Of these, value investing is easily one of the most popular ways to find great stocks in any market environment. Value investors use fundamental analysis and traditional valuation metrics to find stocks that they believe are being undervalued by the market at large.

On top of the Zacks Rank, investors can also look at our innovative Style Scores system to find stocks with specific traits. For example, value investors will want to focus on the "Value" category. Stocks with high Zacks Ranks and "A" grades for Value will be some of the highest-quality value stocks on the market today.

HP (HPQ - Free Report) is a stock many investors are watching right now. HPQ is currently sporting a Zacks Rank of #2 (Buy), as well as an A grade for Value.

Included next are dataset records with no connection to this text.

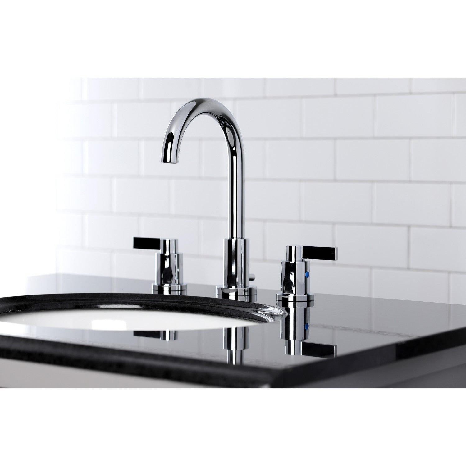 The chic fashion of this faucet is distinguished by its expressive artistry and flat, ergonomic levers. Ideal for more spacious bathrooms, widespread faucets are more spread apart and feature a 3-hole installation. The NuvoFusion 8 in. widespread bathroom faucet with brass pop-up and its featured sturdy brass construction and premium polished chrome finish are guaranteed to glamorize your home's modern ensemble for years to come. Revive the obsolete with the illustrious prestige of this fixture. A matching finish drain is also included.
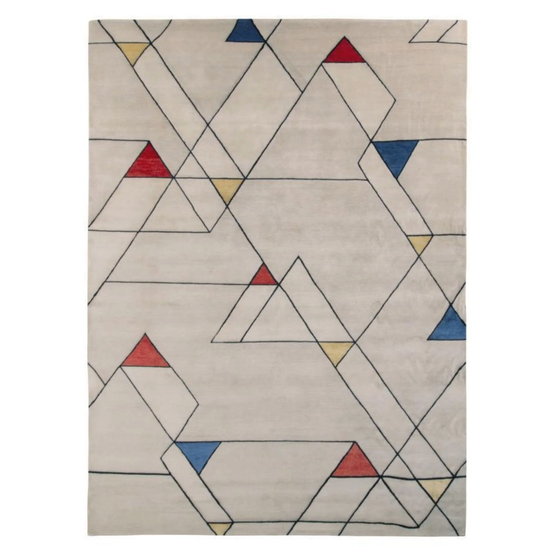 A 6' x 8' rug from Rug & Kilim’s Mid-Century Modern Collection, hand knotted in wool in prevailing silver-gray colors. Joyful multicolor hues accent the geometry with a smart sense of movement and play with the metallic undertone. Exemplifying the scale, graph, refined texture, and overall chic of this collection—particularly versatile as a large-size rug.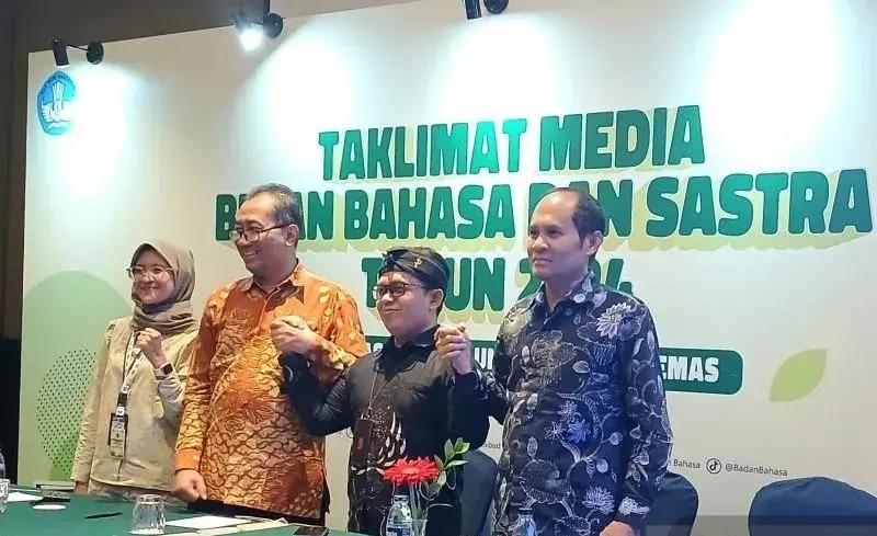 Imam Budi Utomo (kedua dari kiri), direktur Pusat Pengembangan dan Perlindungan Bahasa dan Sastra, Kementerian Pendidikan Dasar dan Menengah, menghadiri acara jumpa media untuk Bulan Bahasa dan Sastra 2024 di Jakarta pada hari Sabtu, 26 Oktober 2024.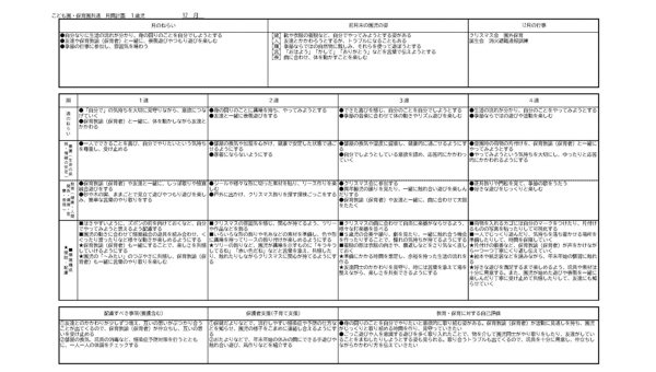 月間指導計画を作る上で役に立つ指導計画案とフォーマットです。

Value investors also frequently use the P/S ratio. This metric is found by dividing a stock's price with the company's revenue. This is a prefered metric because revenue can't really be manipulated, so sales are often a truer performance indicator. HPQ has a P/S ratio of 0.53. This compares to its industry's average P/S of 0.99.

Finally, we should also recognize that HPQ has a P/CF ratio of 6.98. This metric focuses on a firm's operating cash flow and is often used to find stocks that are undervalued based on the strength of their cash outlook. HPQ's P/CF compares to its industry's average P/CF of 23.95. Within the past 12 months, HPQ's P/CF has been as high as 10.72 and as low as 6.43, with a median of 8.67.

Investors could also keep in mind Lenovo Group (LNVGY - Free Report) , an Computer - Mini computers stock with a Zacks Rank of # 2 (Buy) and Value grade of A.

Lenovo Group is currently trading with a Forward P/E ratio of 9.35 while its PEG ratio sits at 1.96. Both of the company's metrics compare favorably to its industry's average P/E of 26.32 and average PEG ratio of 2.17.

Over the past year, LNVGY's P/E has been as high as 11.56, as low as 6.50, with a median of 8.59; its PEG ratio has been as high as 3.20, as low as 0.91, with a median of 2.32 during the same time period.

Furthermore, Lenovo Group holds a P/B ratio of 2.35 and its industry's price-to-book ratio is 35.67. LNVGY's P/B has been as high as 3.08, as low as 1.77, with a median of 2.21 over the past 12 months.

Value investors will likely look at more than just these metrics, but the above data helps show that HP and Lenovo Group are likely undervalued currently. And when considering the strength of its earnings outlook, HPQ and LNVGY sticks out as one of the market's strongest value stocks.